痩せこけた顔のように、ひょろひょろとした声をドゥアールにかけてきたが、後ろから短髪の男が抑制のない声で叫んできた。


 「クリスト!!私はすぐにお嬢様を屋敷へと運ぶ!!お前はそいつを運んでくれ!!」

 そう叫ぶと短髪の男は、先ほどクリストと呼ばれた痩せこけた男が乗っていた鳥の背中へと飛び乗った。
男に抱きかかえられたプフラが、こちらを見て手を伸ばしているのがドゥアールの視界にぼんやりと映った。
鳥が2人を乗せて空へと羽ばたくと、痩せこけた、クリストと呼ばれた男はドゥアールの髪を掴んでグイッと顔を持ち上げた。
ドゥアールを見るその表情はまるで地面に転がるオークを見るのとあまり変わらない。


 「小さいな...まだ12,3のガキじゃないか。こんな小汚ぇガキがホントに屋敷に侵入したのか?」

 侵入...屋敷...?なんのことだよ?

ドゥアールに分からないことを痩せこけた男が喋ッていると、しばらくして森の木をかき分ける大きな音が近づいてきた。
バキバキバキと木を折る音が大きくなり、茂みの向こうから巨大な熊が現れた。
黒い体毛に覆われた熊の口から白い牙と赤黒い舌をのぞかせダラダラと涎を垂らしている。

 
 「驚いたか平民?こいつはオレの使い魔だよ。
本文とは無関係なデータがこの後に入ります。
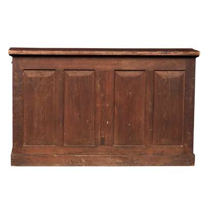 the rectangular top above three doors with brass grille inserts lined with pleated peach coloured silk, enclosing a shelved interior, on a plinth base

名前は『ジョン』。アンティの鳥とは比べものにもならねぇくらい主人の俺に忠実なんだよこいつは」

 知らねぇよ...


クリストはニヤッと顔を歪ませると、ドゥアールの髪をつかんだまま熊の方へと引きずっていった。
頭の痛みと体を走る痛みに悲鳴を上げそうになったが、急にドカッと地面に投げつけるかのように降ろされると、首筋のほうに熊の吐息がフーっ、フーっと湿った息がかかってくる。
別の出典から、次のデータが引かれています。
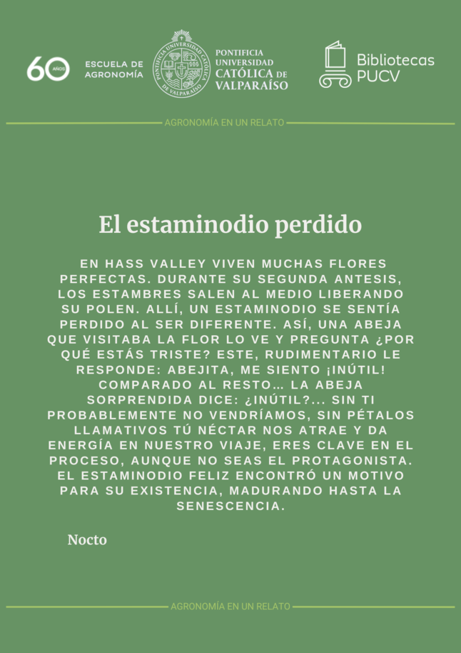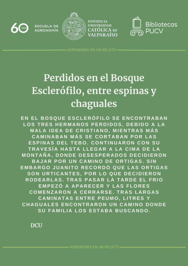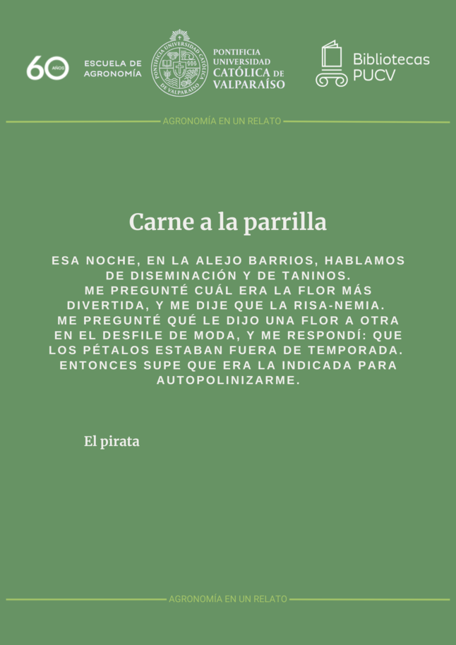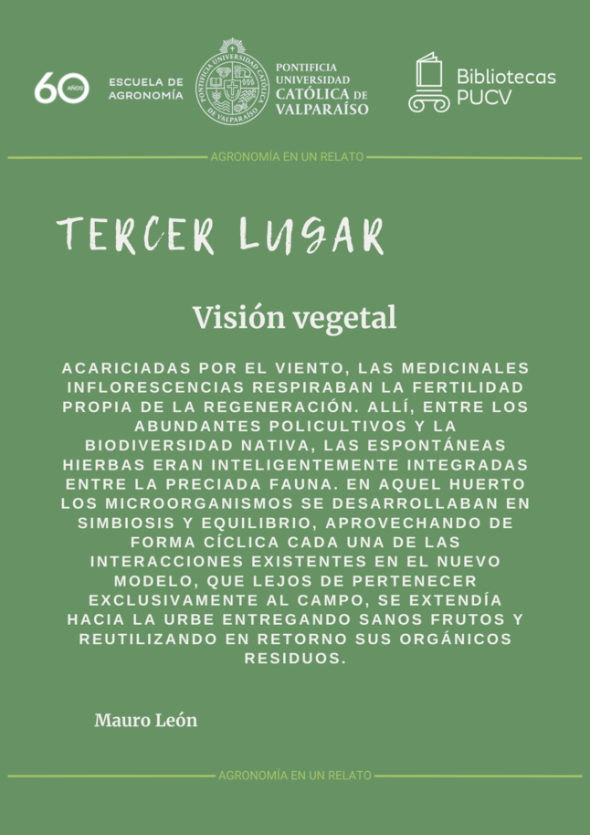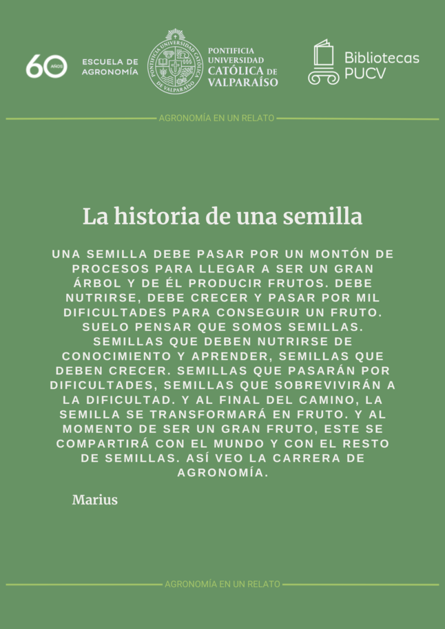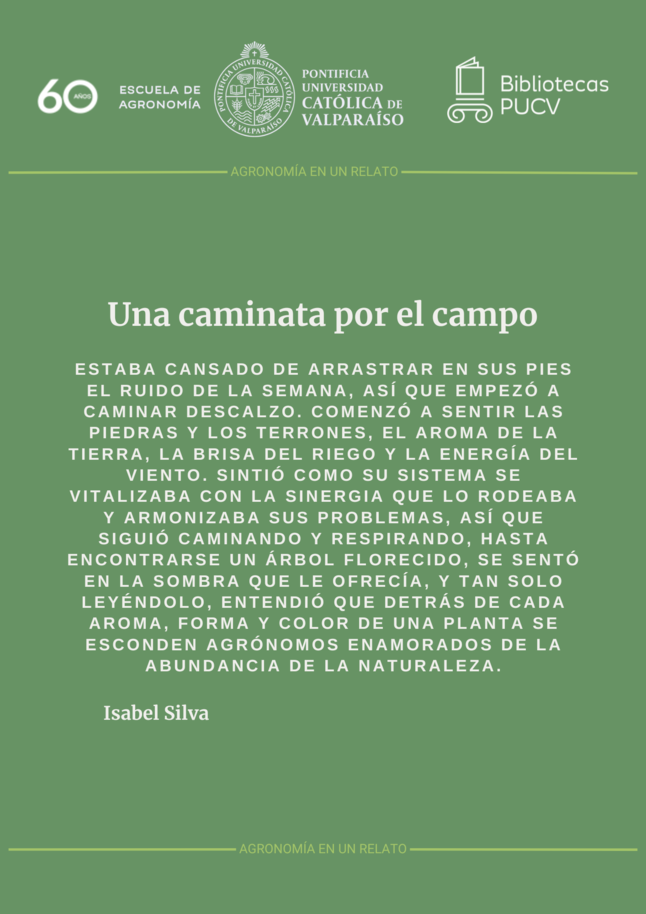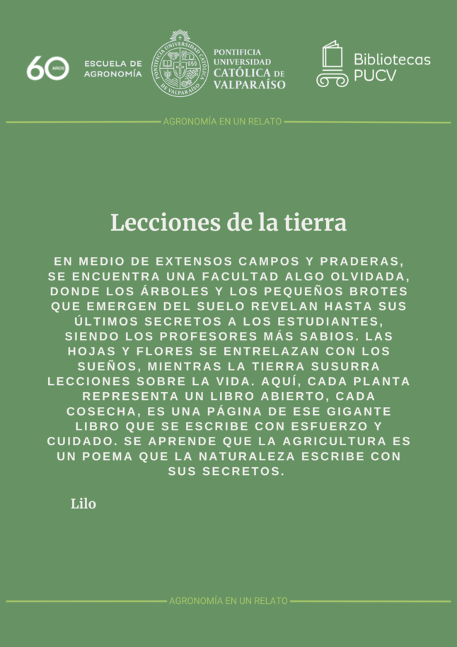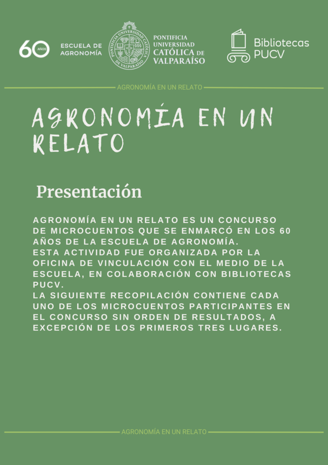 Agronomía en un relato es un concurso de microcuentos que se enmarcó en los 60 años de la escuela de agronomía.  Esta actividad fue organizada por la Oficina de Vinculación con el Medio de la Escuela, en colaboración con Bibliotecas PUCV.
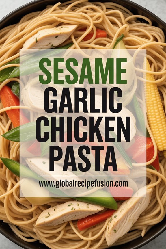 This Sesame Garlic Chicken Pasta combines Asian-inspired flavors with the simplicity of pasta for a satisfying fusion dish. The recipe balances savory soy sauce with aromatic garlic and nutty sesame elements, while incorporating protein and a variety of vegetables for a complete meal.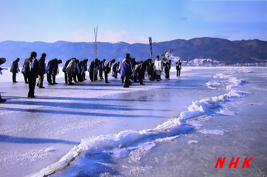 諏訪湖では5年振りに御神渡りが出現した。当時は拝観式を追っかけたて撮ったものだが・・・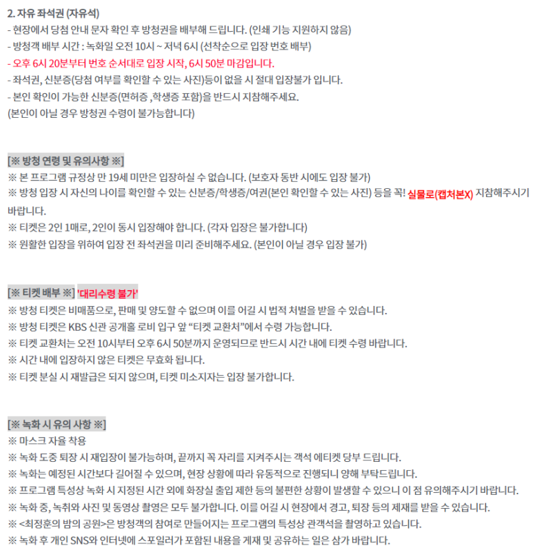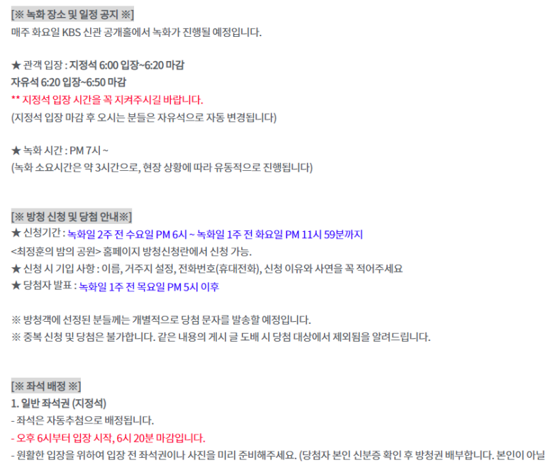 이미 좌석이 배정되어 있기에 KBS 아트홀에 일찍 오실 필요는 없습니다.

 「ホントはジョンにおめえを食わせてやりたいが...犯人も屋敷に連れてこいって言われてるんでな」


クリストはドゥアールに向かって杖を振った。
するとボロボロになった体はスーッと宙に持ちあがり、少し移動したかと思うと熊の背に
ドサッと乗せられた。
クリストは変わらず顔を歪ませ、笑いを堪えるかのような声を出した。


 「ピリュエ・ダルク・ド・オリヴィエ様のご令嬢、プフラ・ベイレヴラ・ド・オリヴィエ様『誘拐』の罪でお前を捕縛する。屋敷まで連れていくぜぇ」



ドゥアールはその言葉を聞いた後、何も返答する間もなく、意識を落とした。